Tuesday, March 24, 2009
BSG: why "religious elements" is not an excuse

(Sorry this got published empty initially - if you hit return in the title box, it publishes.)

Let's remember: this was science fiction, on the Science Fiction channel.

Let me take a little detour, before I get back to that.

Let's imagine Conan Doyle pens the following Sherlock Holmes mystery:

Act 1 - a man is praying in a church
Act 2 - the man is found dead in an alley
Act 3 - Sherlock Holmes investigates and the readers follow the trail of forensic clues - along the way we discover the man was devoutly religious and prayed every day.
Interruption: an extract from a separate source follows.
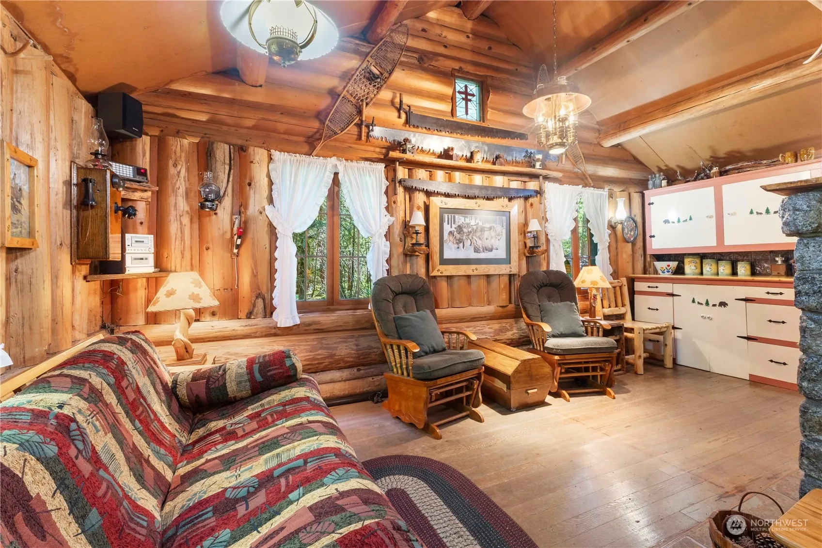 White River Cabin #9. Well appointed, small but mighty, Forest Service log cabin just 15 minutes from Crystal Mountain. Timeless old growth setting close to The Dalles Campground. First time on the market since it was built by current owners in 1940. Well loved and maintained, with hand-made furnishing throughout the cabin. Skiing, hiking, biking and stargazing, something to keep you busy in every season of the year. Beautiful wood burning fireplace and stove keep the cabin toasty warm on cold nights. Studio bedroom on main floor and sleeping loft for expanded seating/sleeping area. Large woodshed, firepit and outdoor handmade BBQ. This cabin is the perfect quick get away. Water & Septic. Cash only;leased on Forest Service land.

We follow along through muddy footprints, mysterious letters in locked drawers, unaccountable blood stains...
Act 4 - And then in act 4 an angel appears to Sherlock Holmes and says "oh God did it, he was tired of listening to that guy praying"

Satisfying ending, right? All ok because, you know, it had religious elements all along.

Ron Moore's ending is no different than when you're following along with the Pip episode of South Park, a humourous retelling of Great Expectations, full of period detail... and then Miss Havisham has robot monkeys. This is hilarious, because it is ridiculous. It's would be absurd for a work of serious fiction to start off in one genre, and suddenly at the end veer off into another.

But it's even worse than that. It might have been forgivable if Moore had said "it's all about the characters, I'm not making a big deal of the science".

But in fact, Moore made such a huge deal of making a "realistic" science fiction show that there's an entire Battlestar wiki entry on "Naturalistic Science Fiction":

"Naturalistic science fiction" (NSF) is a term created by the Re-imagined Battlestar Galactica co-creator Ronald D. Moore to describe that show's esthetic. NSF is meant to be a realistic take on the SF genre, with its roots in drama rather than adventure tales. It eschews science-fiction staples such as one-dimensional characterizations, clear-cut conceptions of good and evil, so-called "technobabble" (technical-sounding terms that have mostly been made up), and "deus ex machina" approaches (in which a seemingly intractable problem in the plot is solved using a previously-unknown technical capability).

The "no deus ex machina" part is looking pretty ironic right about now, isn't it.

So basically, Ron Moore explicitly set up the expectation that his show, while having background religious elements (a realistic part of fiction, since our own society also has such elements), would never be religious fiction.

But that's what he did in the end.
He turned it from science fiction, to fucking Left Behind.

That is total disrespect for his OWN STORYLINE and the philosophy of the show.

And this is not about some people "not liking religion". I think religion can be amazing. Have all the freaking religion you want. Just don't spend four seasons depicting a natural world with some unexplained elements, and then in the last hour say "God did it". That's not about religion, that's about BAD STORYTELLING.